The Victoria Labour Council’s endorsement of Victoria Mayor Dean Fortin has left mayoral candidate Coun. Lisa Helps feeling frustrated and shut out of the process.

“I wasn’t even necessarily going to seek their endorsement because I assumed they would endorse the mayor,” said Helps, who added she made repeated attempts since February to meet with Victoria Labour Council president Mike Eso but was rebuffed.

“I simply wanted an opportunity to sit down with their president and hear the issues that matter to workers and I was not able to have that opportunity,” said Helps, who is challenging Fortin for the top job and was endorsed by the labour council when she ran as a councillor in 2011.

“I find it very frustrating and disheartening,” she said.

Eso said both he and Helps have busy schedules but there was no attempt to shut her out in favour of Fortin.

“We go into these things with an open mind. There are some people who get endorsed one time and not others and some people who don’t get endorsed in one round, in one cycle of elections, and they get supported in another.”

Eso said the labour council has an open-door policy and there was nothing stopping Helps from attending a regular monthly meeting. “They’re public meetings. We encourage candidates and public figures to speak. We always make an opportunity for that,” he said.

The process for endorsement is transparent and posted online, Eso said. A candidate must seek the Labour Council endorsement, fill out a questionnaire and be interviewed before recommended names are forwarded to the membership for consideration.

While there is some monetary support for candidates, that is not the primary focus, Eso said.

Fortin received more than $17,000 in campaign contributions from unions in 2011, including $4,000 from the labour council.

The labour council represents about 24,000 unionized members in Greater Victoria.

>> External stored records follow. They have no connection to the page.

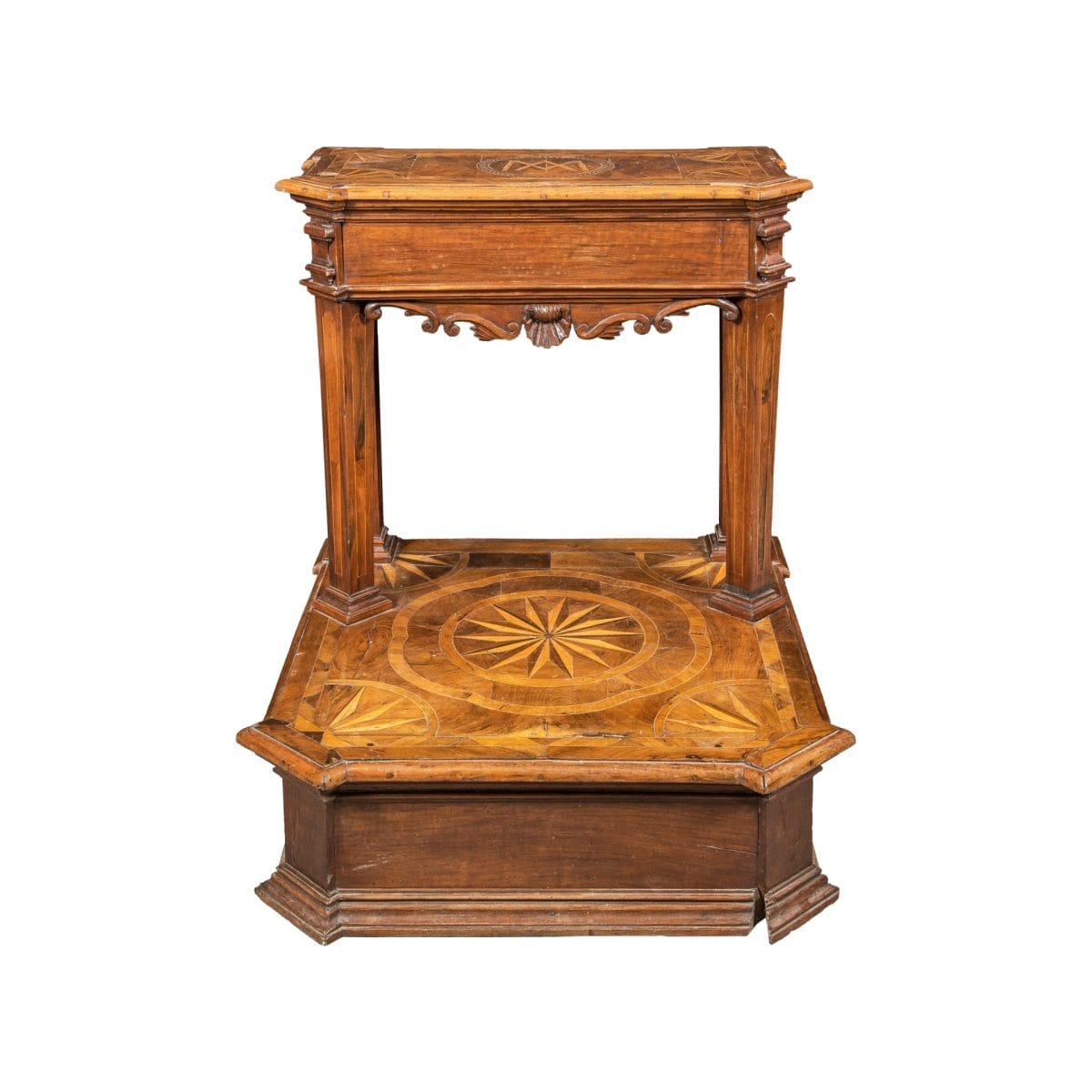 Inginocchiatoio in legno intagliato e intarsiato. Roma, XVIII secolo.
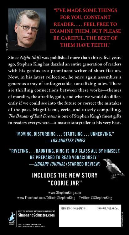 Now in a mass-market paperback premium edition—the instant #1 New York Times bestseller! Stephen King delivers an “outstanding” (USA TODAY) collection of stories, featuring revelatory autobiographical comments on when, why, and how he came to write (or rewrite) each story. “I’ve made some things for you, Constant Reader. …Feel free to examine them, but please be careful. The best of them have teeth.” Since Nightshift, published thirty-five years ago, Stephen King has dazzled an entire generation of readers with his genius as a prominent writer of short fiction. Now in his latest collection, he once again assembles a generous array of unforgettable, tantalizing tales—including those that, until recently, have never been published in a book (such as the story “Cookie Jar,” which is exclusive to this edition). There are thrilling connections between these works—themes of mortality, the afterlife, guilt, and what we would do differently if we could see into the future or correct the mistakes of the past. Magnificent, eerie, and utterly compelling, The Bazaar of Bad Dreams is one of Stephen King’s finest gifts to readers everywhere—a master storyteller at his very best.
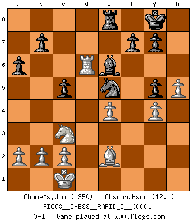 Last move : 0-1 2007 January 28 1:36:23 [Event "FICGS__CHESS__RAPID_C__000014"] [Site "FICGS"] [Date "2006.11.28"] [Round "1"] [White "Chometa,Jim"] [Black "Chacon,Marc"] [Result "0-1"] [WhiteElo "1350"] [BlackElo "1201"] 1.e4 c5 2.Nf3 d6 3.d4 cxd4 4.Nxd4 Nf6 5.Nc3 a6 6.f3 e5 7.Nb3 Be6 8.Be3 Nbd7 9.Qd2 Rc8 10.O-O-O Be7 11.g4 Nc5 12.Nxc5 dxc5 13.Qxd8+ Rxd8 14.Be2 Rxd1+ 15.Bxd1 O-O 16.h4 Nd7 17.Be2 Rd8 18.h5 h6 19.f4 exf4 20.Bxf4 Bg5 21.Bxg5 hxg5 22.Rd1 Re8 23.Rd6 Ne5 0-1 This chess game has been lost on time (started : 2006.11.28 9:38:32) Sicilian : Najdorf Queenside Castling by player White (move 10) Kingside Castling by player Black (move 15) Player Black won this chess game. Follow this game move after move (download)He who takes the Queen's Knight's Pawn will sleep in the streets. (Anonymous) Die Neutralität betrachte ich als eine schwere Krankheit. (Viktor Kortschnoi) Bobby solo arroja las piezas y solas caen en las casillas correctas. (Miguel Najdorf ) Mais l'homme est une créature légère et illogique : semblable au joueur d'échecs, il n'aime que le processus du but à atteindre, non le but lui-même. (Dostoïevsky) Big Chess is a place for big hallucinations. (Thibault de Vassal)

Just how much weight the endorsement carries is open to debate.

Norman Ruff, political scientist and professor emeritus at UVic, said a labour council endorsement in Victoria, which is known as a strong union town, can be a twin-edged sword.

“I think in Victoria it does [carry weight],” Ruff said. “It’s used as a shorthand for people who aren’t sure who to vote for. … So if you receive that endorsement, it sends out a clue to people who are looking around considering who to support.”

It’s certainly no guarantee of victory. Former Victoria councillors John Luton and Philippe Lucas were both endorsed in 2011 and both were defeated.

Jordan Bateman, B.C. director of the Canadian Taxpayers Federation, said unions have disproportionate influence in municipal elections due to the traditional low turnout.

“These unions are extremely militant about getting their supporters elected and that’s all about one goal, which is extracting more money from us at the bargaining table,” Bateman said.

Bateman points to a recent Ernst and Young report compiled as part of the province’s core-review program that concluded salaries for municipal employees increased by 38 per cent from 2001 to 2012, while provincial public sector salaries rose between 19 per cent and 24 per cent during the same period.

Helps agrees there’s a problem with increasing taxes but doesn’t believe that’s necessarily tied to an increase in wages.

“Are salaries too high? I don’t know. Are taxes going up too high year after year? Yes and that’s where we need to focus. If it’s through salaries, fine, but my suspicion is we find cost savings elsewhere just by the nature of doing the business we do,” she said.

The only other mayoral hopeful to get the labour council nod was John Ducker, who is challenging Esquimalt Mayor Barb Desjardins.

Seven of the 24 candidates for Victoria council, including Fortin, have been endorsed, including: incumbents Marianne Alto, Ben Isitt and Pam Madoff, former councillor John Luton and newcomers Erik Kaye and Jeremy Loveday.

Other candidates endorsed by the labour council include: Colwood Coun. Gordie Logan; Central Saanich Coun. Zeb King; Langford council hopeful Grant McLachlan and School District 62 trustee hopefuls Ravi Parmar and Jan Peever; Metchosin council hopeful Anne Richmond; Oak Bay Coun. Michelle Kirby and Oak Bay council hopeful Jan Mears; Saanich councillors Judy Brownoff and Dean Murdock and Saanich council hopeful Colin Plant.